The procedure used to ascertain material for review is summarised in figure 1. Solid tumours were reviewed by histopathologists (PJB, AM) and leukaemias by a haematologist (MMR).
As the different sources of ascertainment and review used different coding systems, diagnoses were translated to ICD-O-2 codes if they were originally in other coding systems (see ).
Cancer diagnoses in children and young people up to age 25 years were grouped into 13 major diagnostic groups following a standard classification,11 updated to ICD-O-2 (personal communication: Professor J Birch and Dr V Blair, 1995), which is very similar to the International Classification of Childhood Cancers.12 As the Birch and Marsden classification refers only to children's cancers, it was supplemented by additional groups to include adult cancers: malignancies of the gastrointestinal tract, breast, lung, cervix and other malignancies. The current audit was restricted to first primary tumours and excluded diagnoses with a morphology behaviour code of 1 or 2, indicating non-malignancy, and also excluded registrations consistent with diagnosis of cervical intraepithelial neoplasia (CIN).*
If details of the cancer had been ascertained from more than one source, the diagnostic codes and the date of diagnosis used for comparison with NHSCR were taken to be those supplied by the first available source (the review source) on the following list: the pathology review, Northern Region Young Persons' Malignant Disease Registry, Manchester Children's Tumour Registry, National Registry Childhood Tumours/Oxford Survey of Childhood Cancers, Northern Region Cancer Bureau, North Western Regional Cancer Registry, death registrations.

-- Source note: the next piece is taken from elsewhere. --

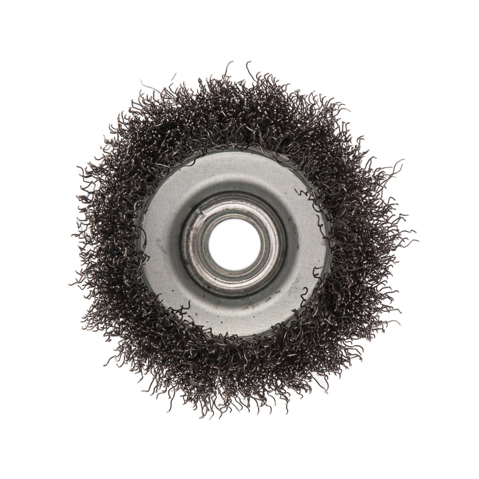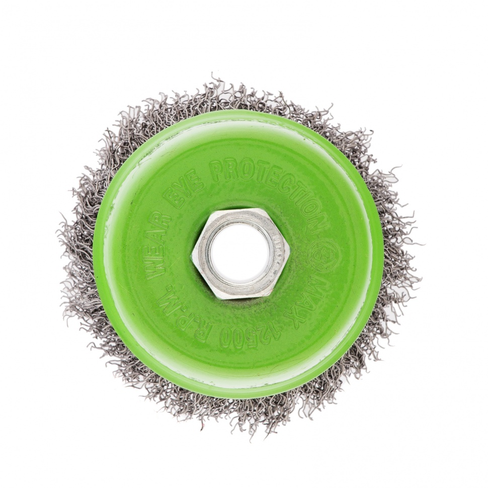 Щетка для УШМ Сибртех «чашка» 746047, М14, диаметром 75 мм, с щетиной из витой проволоки 0,3 мм, предназначена для постепенного снятия тонкого слоя материала с металлических, деревянных и пластиковых поверхностей. Удаляет ржавчину, загрязнения, а также остатки краски и других покрытий. Подходит для обработки участков значительной площади. Щетку устанавливают на вал углошлифовальной машины (УШМ), рекомендуемая максимальная скорость вращения 12500 об/мин. Работать с оснасткой следует в спецодежде.

Finally, the NHSCR and review diagnoses were compared to see whether the site and morphology agreed and, if not, whether they were in the same diagnostic group. If they fell into different groups, the reviewing pathologist identified the reason for the discrepancy.

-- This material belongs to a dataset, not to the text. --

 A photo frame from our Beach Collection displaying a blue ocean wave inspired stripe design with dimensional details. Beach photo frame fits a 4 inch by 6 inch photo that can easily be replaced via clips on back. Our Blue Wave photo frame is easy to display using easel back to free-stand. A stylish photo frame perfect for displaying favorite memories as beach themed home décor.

Ethical approval for the study was given by West Cumbria, East Cumbria, South Cumbria, Newcastle and Manchester Health Authority Ethical Committees.
Logistic regression was used to assess trends in accuracy of diagnosis and completeness of ascertainment with age at diagnosis and year of diagnosis.13 As the cohort comprised those born in Cumbria, during the period 1950 to 1989, the number of older people in the cohort increased steadily with time (see fig 2A), so age and year of diagnosis were inevitably correlated. Therefore the trends with each of these factors was assessed after allowing for the other.

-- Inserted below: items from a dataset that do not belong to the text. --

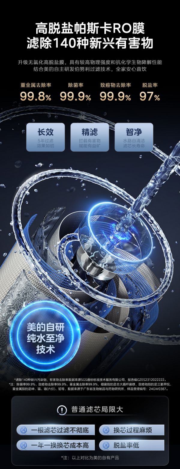 同时搭载美的自主研发伯努利过滤技术,其亚硝酸盐去除率99.3%、余氯去除率99.9%、重金属去除率99.9%、细菌去除率99.9%。能通过涵盖升级高脱盐帕斯卡RO膜、长白山矿石过滤层在内的六层精滤隔绝氟化物、微塑料等140种有害物质,出水可让家人放心直饮。水路还具备智能自清洗功能,确保水路洁净的同时,能有效延长滤芯使用寿命,使其能做到5年长效使用效果不衰减,也无需频繁更换。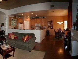 Designer paint warms the great room w/ a stunning suede ceiling treatment that brings dramatic appeal to the space emphasizes thecoffered ceiling. Custom fireplace mantel adds a touch of romance w/ architectural detail estate-like charm. Warm flooring grounds the home w/ slate-like tile cherry Pergo wood.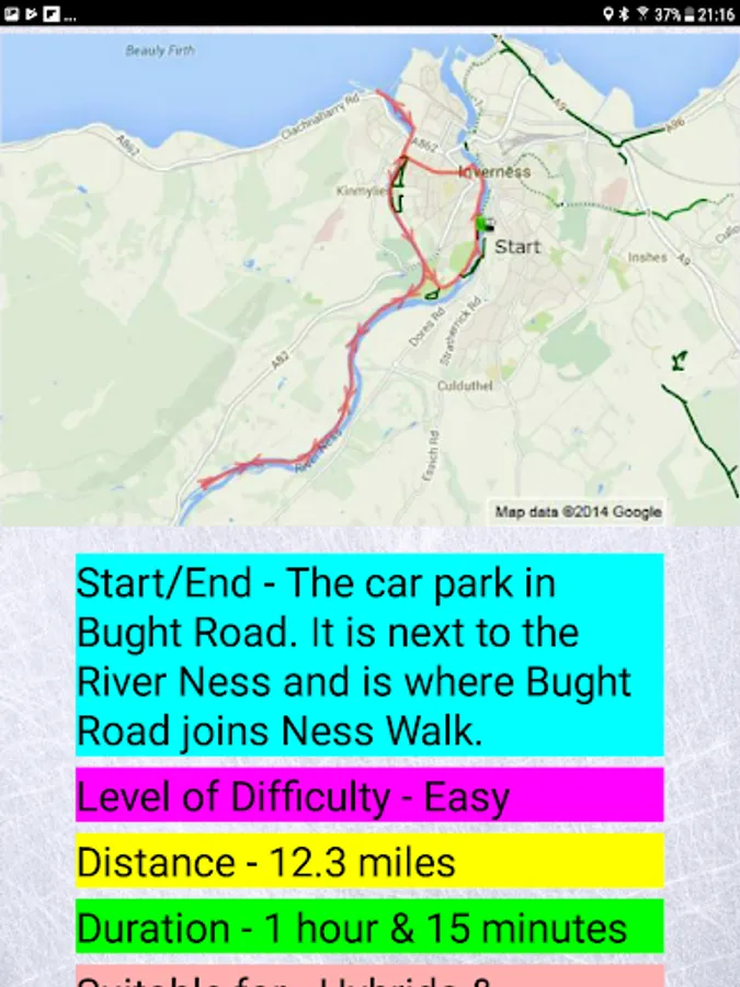 All of the routes are circular and start and end in the car park in Bught Road. It is next to the River Ness and is where Bught Road joins Ness Walk.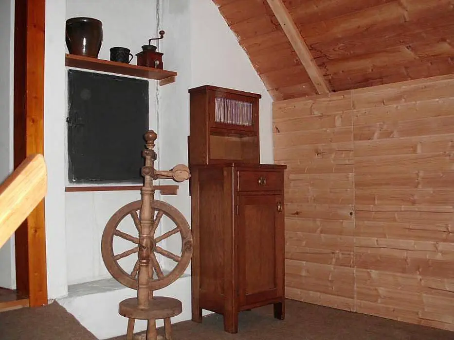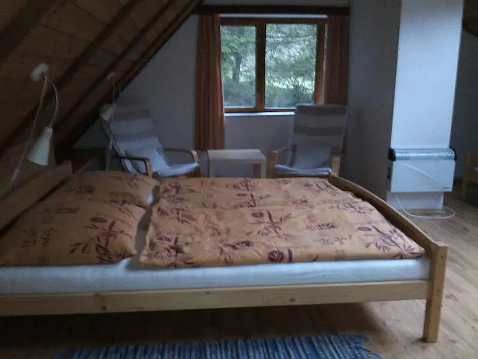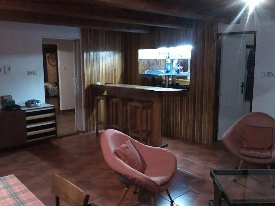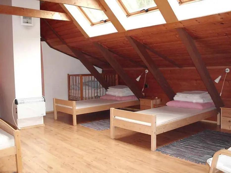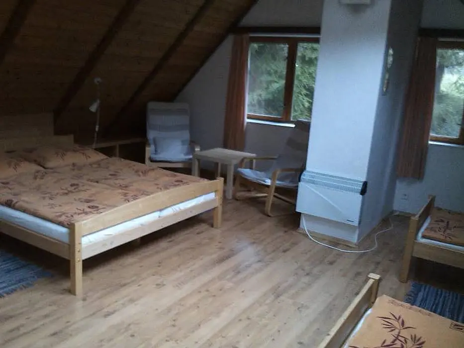 Vstupní prostorná chodba, kamenný sklep ( možnost uschování potravin a nápojů ), stylová valašská kuchyně - chlebová pec, velký dubový stůl, rozkládací pohovka - 2 lůžka, TV, vybavení kuchyně - sporák na dřevo, dvouplotýnkový vařič s el. troubou, toustovač, mikrovlnka, varná konvice, lednička a rádio. Za touto místností je další obývací pokoj - součástí je bar. V podkroví 2 ložnice 1x4, 1x6 lůžek + dětská postýlka. K ohřevu vody bojler 125 l. V objektu je pitná voda. Soc. zařízení - 1x koupelna s vanou, 2x WC. Topení - v kuchyni pec, v obývacím pokoji krb s rozvodem teplého vzduchu do ložnic v podkroví, v koupelně + WC + předsíni podlahové topení, el. přímotopy ve všech místnostech

The numbers of cancers not notified by NHSCR or any other source were estimated separately for those aged 0–14 years, 15–24 years and over 25 years at diagnosis, assuming notification by NHSCR was independent of other sources. The number not notified by either NHSCR or other sources was estimated by simple proportionality, using two by two contingency tables.14
Although other proportions reported are exact (rather than estimated) for the cohort studied, exact binomial confidence intervals (CI) are presented in the discussion to indicate the range of likely values they might take if applied to a different population.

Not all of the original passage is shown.